Secondly, because phylogenies are based only on the positions that are homologous to all genes considered and so some sequence data are excluded from the analysis, we calculated all possible pairwise percent sequence identities between the various ChAP proteins. Using these percentages, we explicitly tested the hypothesis that either Bud7 or Bch1 had neofunctionalized relative to the other by assessing whether either sets had higher percent identity to the preduplicate BB8 paralogues. Likewise, we explicitly tested the hypothesis that Bch2 or Chs6 had neofunctionalized by assessing whether either set had higher percent identity to the preduplicated BC8 genes. As seen in Fig. 4A, none of these comparisons were strongly different. We also tested the idea that one of Bch1, Bch2, Bud7 or Chs6 was significantly less diverged from the preduplicate ChAP sequences. Again, we found none of the Saccharomyces-specific protein sequences to show a higher percent identity to the preduplicate ChAP proteins than any of the others (Fig. 4B). However, consistent with the observations from the phylogeny, the sequences from the BC8 clade appeared to be more diverged than those of the BB8 clade. When considering all sequences, this was not outside the standard deviation of the average pairwise identity (Fig. 4C). However, when we accounted for the over-representation of Saccharomyces sequences (that would be counted as individual data points but yield nearly identical values and thus bias the calculation), by including only the S. cerevisiae sequences, we found that the BC8 sequences were more diverged (BB8 = 55.84% +/− 4.6 vs BC8 = 43.34% +/− 6.8), outside of one standard deviation (Fig. 4C). These analyses, and the assumption that sequence divergence reflects functional divergence, all suggest that the first gene duplication that gave rise to the BB8 and BC8 clades resulted in a neofunctionalization of the BC8 paralogues. The BB8 genes appear to be less diverged and thus are predicted to be more like the ancestral ChAP protein.

Figure 4
figure 4

Percent pairwise identities of ChAP proteins across Fungi. (A) Comparisons of each Saccharomyces-specific proteins versus the preduplicate genes from the BB8 and BC8 clades. (B) Comparisons of each Saccharomyces-specific protein versus preduplicate ChAP genes from non-ascomycete fungi. (C) Comparisons of all BB8 and all BC8 versus the preduplicate ChAP genes from non-ascomycete fungi followed by BB8 and BC8 balanced to have a single ascomycete genus represented. This final comparison is the only one with non-overlapping errors bars, showing a robust difference in values. Error bars show one standard deviation of the average percent ID in all pairwise comparisons between the sets. The taxon sets were defined according to the Annotation labels in Supplementary Table S1 and defined as follows. Bud7: Bud7Spar, Bud7Scer, Bud7Sbou, Bud7Sbay, Bud7Seub, Bud7Sarb. Bch1: Bch1Sbay, Bch1Seub, Bch1Skud, Bch1Sarb, Bch1Spar, Bch1Scer, Bch1Sbou. Bch2: Bch2Scer, Bch2Sbou, Bch2Spar, Bch2Skud, Bch2Sarb, Bch2Sbay, Bch2Seub. Chs6: Chs6Sbay, Chs6Seub, Chs6Sarb, Chs6Skud, Chs6Smik, Chs6Scer, Chs6Sbou, Chs6Spar. PDBB8: BB8Ppas, BB8Calb, BB8Dhan, BB8Psti, BB8Klac, BB8Ago. PDBC8: BC8Klac, BC8Cgla, BC8Agos, BC8Psti, BC8Ppas, BC8Calb, BC8Dhan. ChAP: ChAPYlip, ChAPNcra, ChAPAmac, ChAPBden, ChAPSpom, ChAPCneo, ChAPUmay, ChAPMver, ChAPRirr, ChAPRory. BB8All: The set of Bud7 + Bch1 + PDBB8. BC8All: The set of Bch2 + Chs6 + PDBC8. BB8-B: The set of PDBB8 + Bud7Scer + Bch1Scer. BC8-B: The set of PDBC8 + Bch2Scer + Chs6Scer.

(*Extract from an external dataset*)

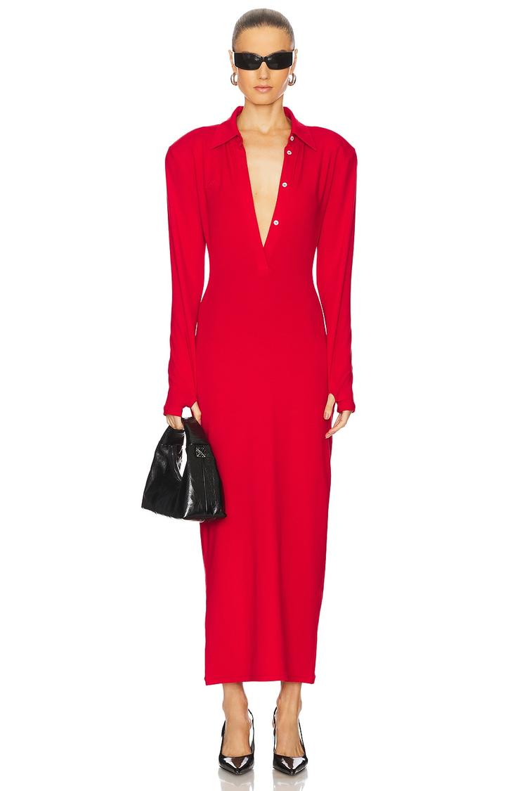 A sleek red midi dress crafted from stretchy cotton jersey combines classic polo collar styling with a fitted silhouette. The long sleeves feature functional thumbholes, while padded shoulders add structured sophistication. A partial front button closure enhances versatility, and a back vent allows comfortable movement. This minimalist sheath dress is ideal for business casual settings, workwear, or a polished date night look during cooler seasons.

ChAP, but not exomer, is a widespread feature of the eukaryotic membrane-trafficking complement

The presence of exomer subunits in Fungi and earlier reports of exomer subunits in Mycetozoa, red algae and ciliates10 prompted us to search for homologues in the rest of eukaryotes. Despite finding common signatures for BRCT and FN3 domains (see below), we could find no credible orthologues of Chs5 in diverse eukaryotes outside of the Fungi, using BLAST and HMMER homology-searching methods.

By contrast, we were able to identify ChAP orthologues in genomes of organisms from across the breadth of eukaryotes (Fig. 3). The pattern of a broad evolutionary distribution, but frequently with only selected organisms possessing at least one ChAP protein, was further confirmed by searches that used the relevant member of the supergroup as the target database for reciprocal best hit validation. We suggest that the ChAP protein is a component of the trafficking system of diverse eukaryotes, and was present in the LECA, but may be expendable and has been lost on many occasions, including at the multicellular boundary in the independent lineages giving rise to animals and plants.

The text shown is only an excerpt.